1976
The Least of These, My Brother
November 1976


“The Least of These, My Brother,” New Era, Nov. 1976, 31

Fiction:

The Least of These, My Brother

The class bell rang, and a few stragglers darted quickly into their classrooms, leaving Jed Fischer stranded in a new school with a locker that wouldn’t open. For the fifth time he slowly turned through the numbers written on a slip of paper, but it wouldn’t open.

“What are you doing in the hall during class time?” a voice sternly barked behind him.

He turned, expecting to face an angry teacher, but instead found a girl his age sporting an impish grin.

“Scared you, didn’t I?” Her face was freckled and she had short, tossled, reddish-brown hair.
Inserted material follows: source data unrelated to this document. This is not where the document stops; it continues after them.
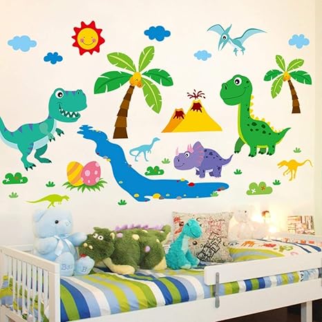 Jqsm Dinosaurio De Dibujos Animados Animales Pegatinas De Pared Diy Arbol De Coco Mural Calcomanias Para Ninos Habitacion Bebe Dormitorio Decoracion Amazon Com Mx Hogar Y Cocina
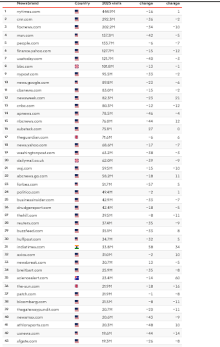 Press Gazette は最近、現在米国で最もアクセス数の多いウェブサイトのトップ 50 の月間ランキングを発表しました。
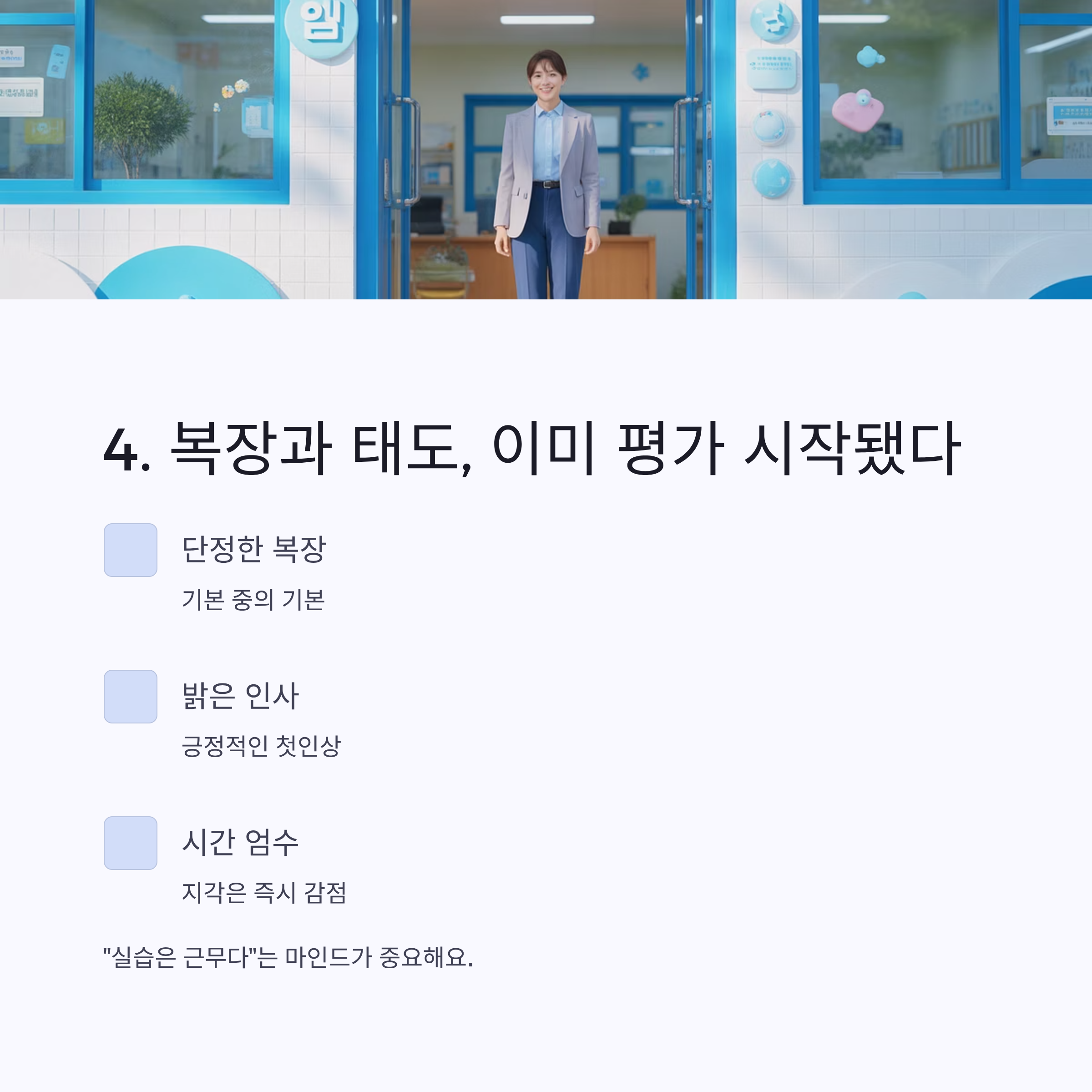 이 단계에서 실습생에 대한 첫인상이 결정되기 때문이죠.

Plopping her books in his arms, she took the paper giving his combination. After dialing the three numbers, she slammed the locker with her foot. The locker flew open.

“It sticks. You have to hit it.” She opened her own locker, next to his, and took her books from him.

“Thanks,” he said. “I just transferred here from Idaho.”

“Welcome to New York. I’m Pam Burgess.”

“My name is Jed Fischer.”

“I know. I work in the office in the afternoon. My family is very big for volunteer work,” she said, with a touch of sarcasm in her voice. “I looked at your records when they came here. I found out that you’re a junior, that your dad is a nuclear engineer transferred from Idaho to Brookhaven Lab, and that you’re a football player. Are you a Mormon?”

“Yes.”

“Then you’re the only one in this school.”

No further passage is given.